- What you will do -
Quote the whole listing word for word. Do not include the pictures.

Content starts

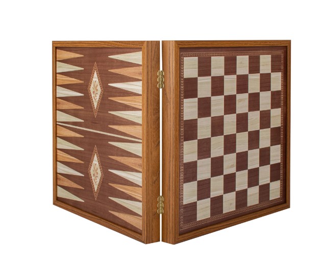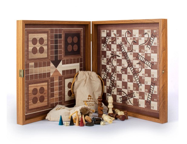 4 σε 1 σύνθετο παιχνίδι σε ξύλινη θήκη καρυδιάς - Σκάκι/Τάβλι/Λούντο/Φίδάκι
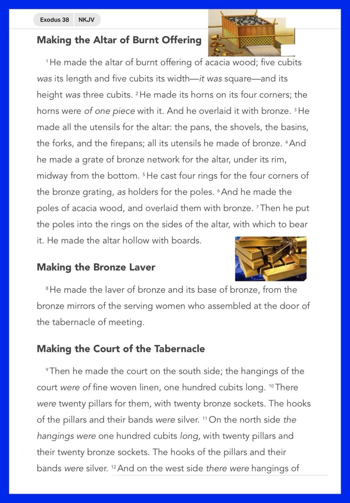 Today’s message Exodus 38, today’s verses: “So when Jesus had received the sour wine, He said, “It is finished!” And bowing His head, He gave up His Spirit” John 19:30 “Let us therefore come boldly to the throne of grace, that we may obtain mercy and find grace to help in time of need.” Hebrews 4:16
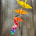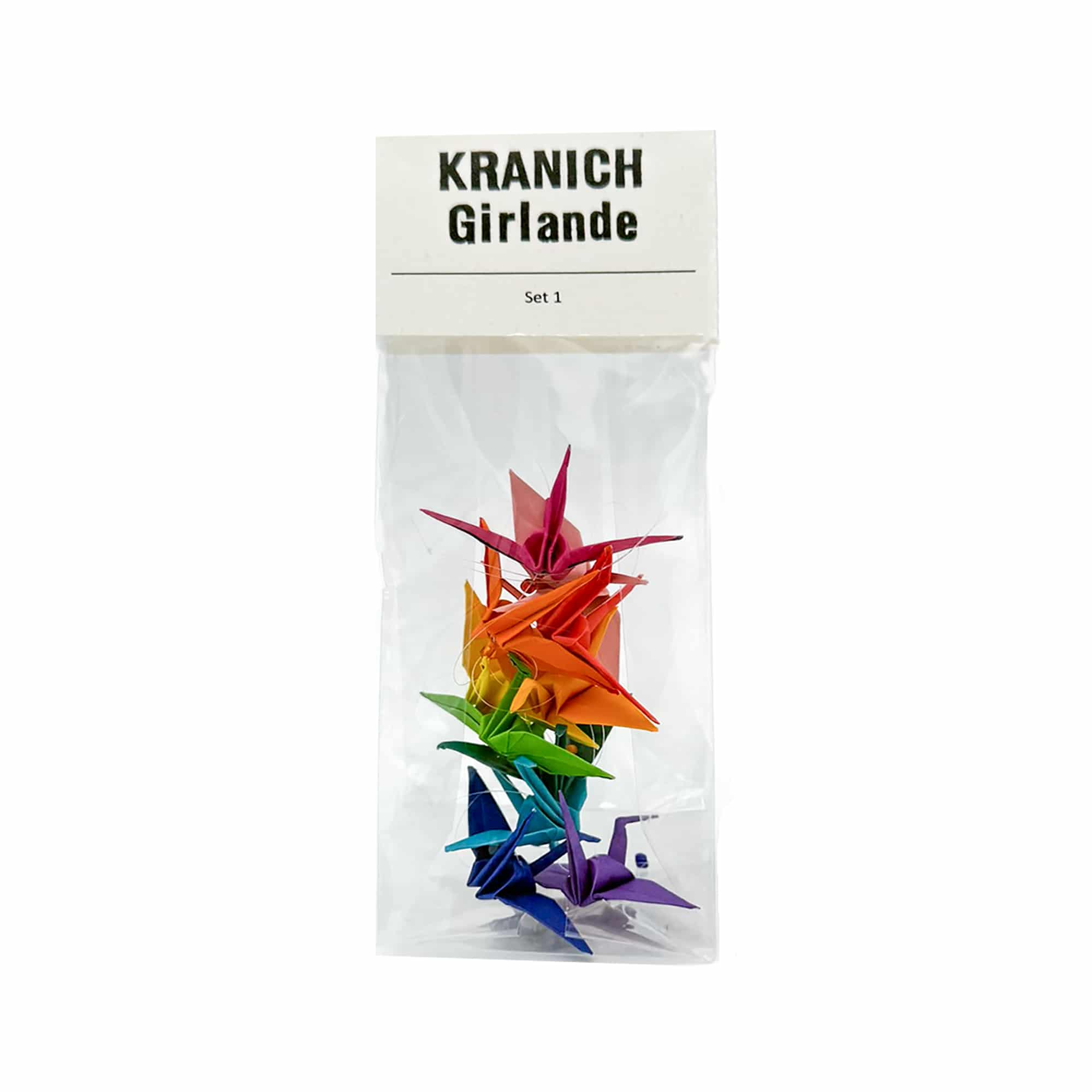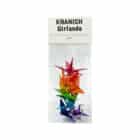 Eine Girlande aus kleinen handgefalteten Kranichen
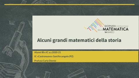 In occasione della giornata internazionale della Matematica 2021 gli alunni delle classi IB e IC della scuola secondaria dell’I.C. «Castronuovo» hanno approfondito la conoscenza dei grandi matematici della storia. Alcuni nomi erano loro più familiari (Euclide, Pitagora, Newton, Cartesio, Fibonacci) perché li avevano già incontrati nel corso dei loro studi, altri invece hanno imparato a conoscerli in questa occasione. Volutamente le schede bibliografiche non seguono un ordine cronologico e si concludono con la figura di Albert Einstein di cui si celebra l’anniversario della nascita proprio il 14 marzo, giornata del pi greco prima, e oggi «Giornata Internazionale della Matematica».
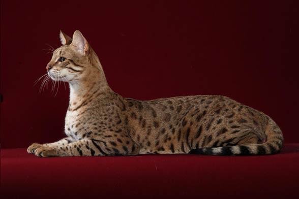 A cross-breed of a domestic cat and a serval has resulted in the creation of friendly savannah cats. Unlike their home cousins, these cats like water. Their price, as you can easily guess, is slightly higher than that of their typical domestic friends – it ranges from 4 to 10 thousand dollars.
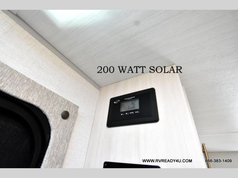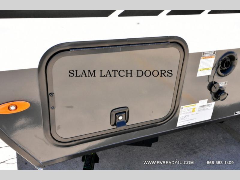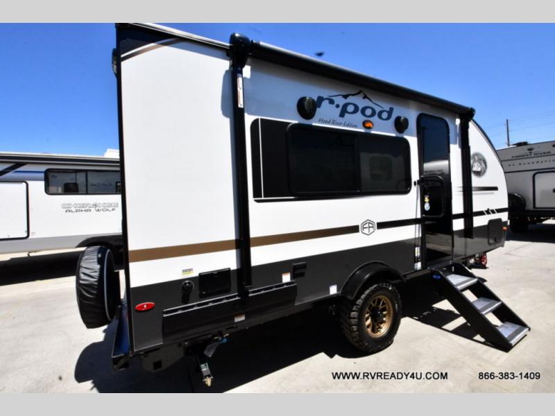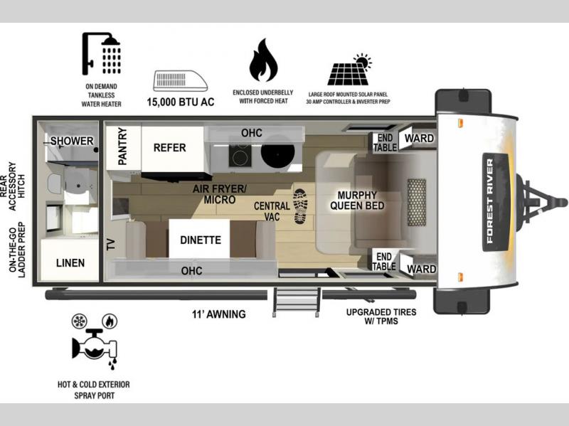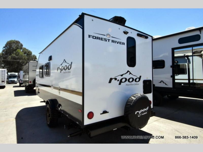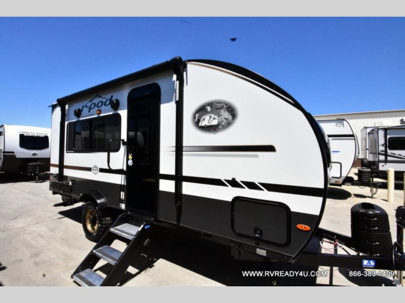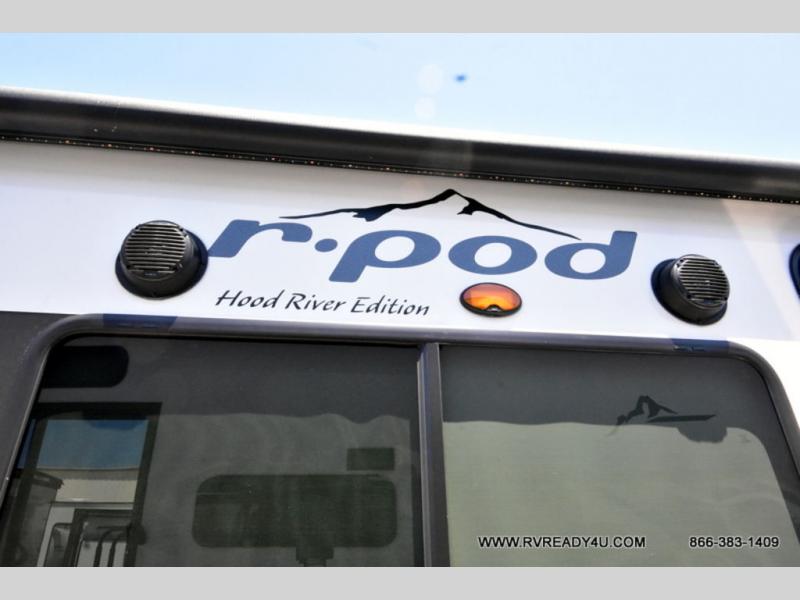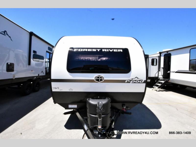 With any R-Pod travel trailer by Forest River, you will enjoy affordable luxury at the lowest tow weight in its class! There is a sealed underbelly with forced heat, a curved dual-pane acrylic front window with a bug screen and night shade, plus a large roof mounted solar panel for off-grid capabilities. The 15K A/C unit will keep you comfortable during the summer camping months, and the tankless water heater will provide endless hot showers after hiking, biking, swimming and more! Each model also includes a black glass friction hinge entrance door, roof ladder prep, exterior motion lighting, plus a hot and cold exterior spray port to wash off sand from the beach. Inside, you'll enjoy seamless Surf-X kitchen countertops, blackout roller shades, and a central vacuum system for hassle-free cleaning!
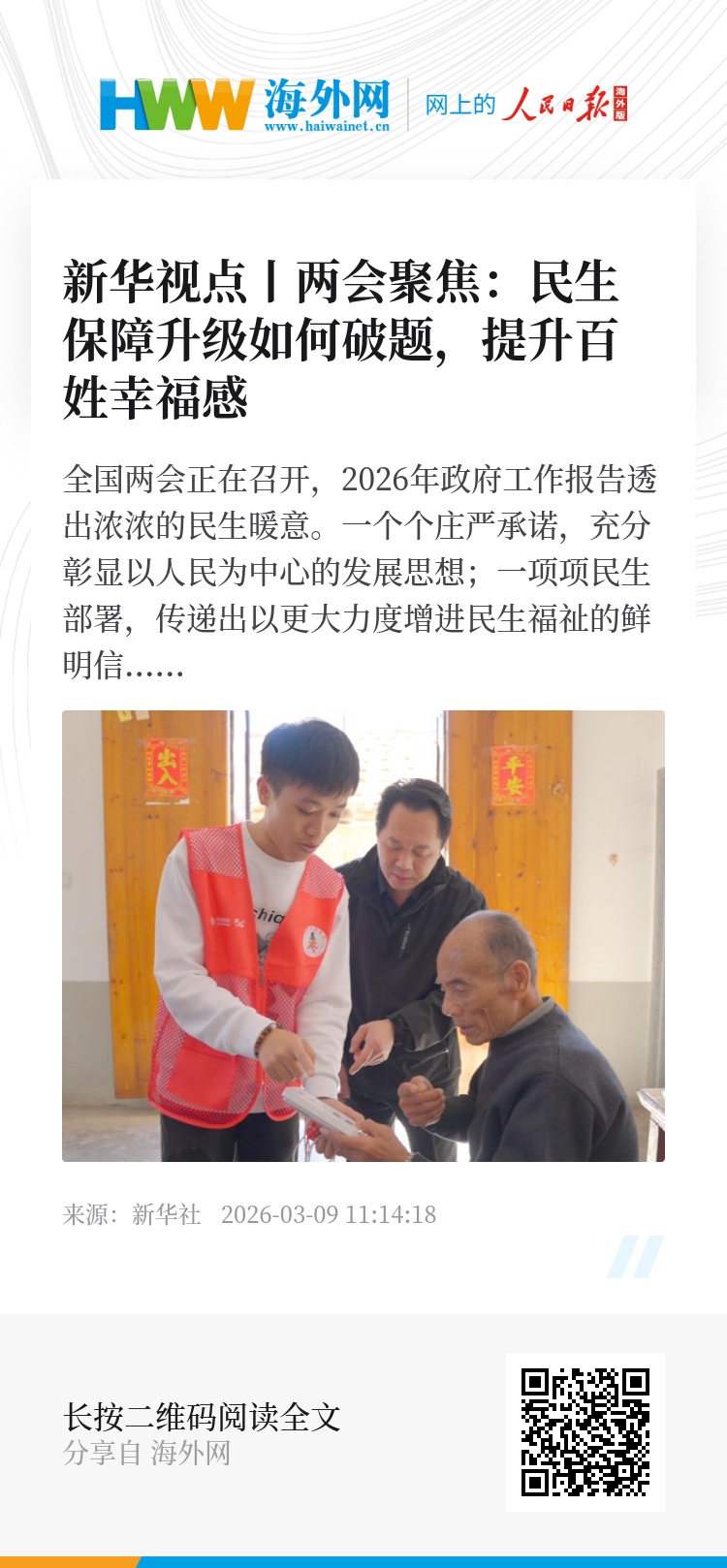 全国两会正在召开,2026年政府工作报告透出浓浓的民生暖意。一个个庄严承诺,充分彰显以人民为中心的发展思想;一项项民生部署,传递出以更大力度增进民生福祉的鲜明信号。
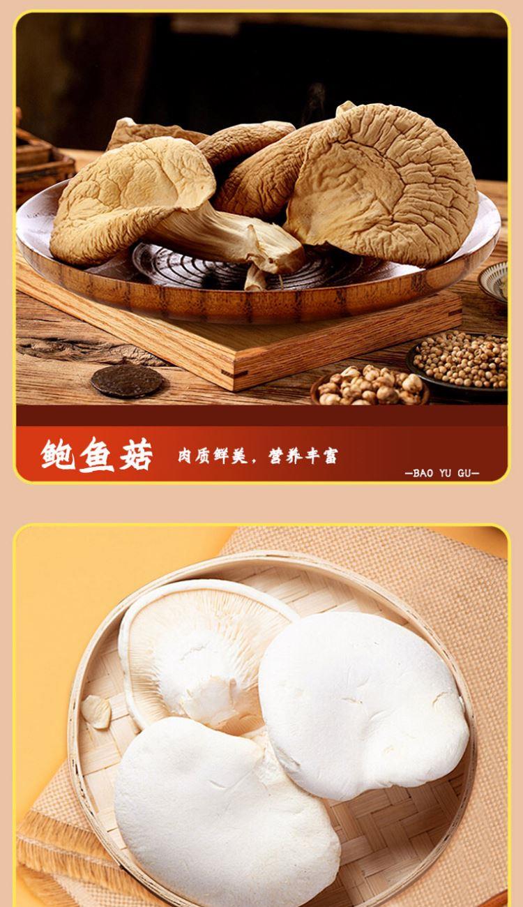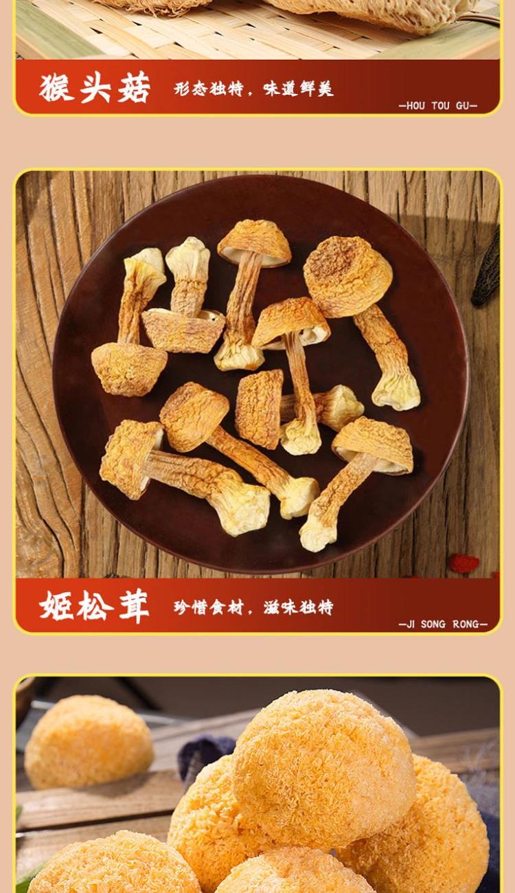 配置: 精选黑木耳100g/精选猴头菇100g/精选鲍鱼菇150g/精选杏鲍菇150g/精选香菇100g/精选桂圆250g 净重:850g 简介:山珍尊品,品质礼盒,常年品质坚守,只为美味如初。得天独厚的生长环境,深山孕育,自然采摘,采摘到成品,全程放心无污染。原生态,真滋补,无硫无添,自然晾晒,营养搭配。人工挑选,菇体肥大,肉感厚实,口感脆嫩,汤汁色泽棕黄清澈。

Content ends

- Finished exercise -
 4 σε 1 σύνθετο παιχνίδι σε ξύλινη θήκη καρυδιάς - Σκάκι/Τάβλι/Λούντο/Φίδάκι
 Today’s message Exodus 38, today’s verses: “So when Jesus had received the sour wine, He said, “It is finished!” And bowing His head, He gave up His Spirit” John 19:30 “Let us therefore come boldly to the throne of grace, that we may obtain mercy and find grace to help in time of need.” Hebrews 4:16
 Eine Girlande aus kleinen handgefalteten Kranichen
 In occasione della giornata internazionale della Matematica 2021 gli alunni delle classi IB e IC della scuola secondaria dell’I.C. «Castronuovo» hanno approfondito la conoscenza dei grandi matematici della storia. Alcuni nomi erano loro più familiari (Euclide, Pitagora, Newton, Cartesio, Fibonacci) perché li avevano già incontrati nel corso dei loro studi, altri invece hanno imparato a conoscerli in questa occasione. Volutamente le schede bibliografiche non seguono un ordine cronologico e si concludono con la figura di Albert Einstein di cui si celebra l’anniversario della nascita proprio il 14 marzo, giornata del pi greco prima, e oggi «Giornata Internazionale della Matematica».
 A cross-breed of a domestic cat and a serval has resulted in the creation of friendly savannah cats. Unlike their home cousins, these cats like water. Their price, as you can easily guess, is slightly higher than that of their typical domestic friends – it ranges from 4 to 10 thousand dollars.
 With any R-Pod travel trailer by Forest River, you will enjoy affordable luxury at the lowest tow weight in its class! There is a sealed underbelly with forced heat, a curved dual-pane acrylic front window with a bug screen and night shade, plus a large roof mounted solar panel for off-grid capabilities. The 15K A/C unit will keep you comfortable during the summer camping months, and the tankless water heater will provide endless hot showers after hiking, biking, swimming and more! Each model also includes a black glass friction hinge entrance door, roof ladder prep, exterior motion lighting, plus a hot and cold exterior spray port to wash off sand from the beach. Inside, you'll enjoy seamless Surf-X kitchen countertops, blackout roller shades, and a central vacuum system for hassle-free cleaning!
 全国两会正在召开,2026年政府工作报告透出浓浓的民生暖意。一个个庄严承诺,充分彰显以人民为中心的发展思想;一项项民生部署,传递出以更大力度增进民生福祉的鲜明信号。
 配置: 精选黑木耳100g/精选猴头菇100g/精选鲍鱼菇150g/精选杏鲍菇150g/精选香菇100g/精选桂圆250g 净重:850g 简介:山珍尊品,品质礼盒,常年品质坚守,只为美味如初。得天独厚的生长环境,深山孕育,自然采摘,采摘到成品,全程放心无污染。原生态,真滋补,无硫无添,自然晾晒,营养搭配。人工挑选,菇体肥大,肉感厚实,口感脆嫩,汤汁色泽棕黄清澈。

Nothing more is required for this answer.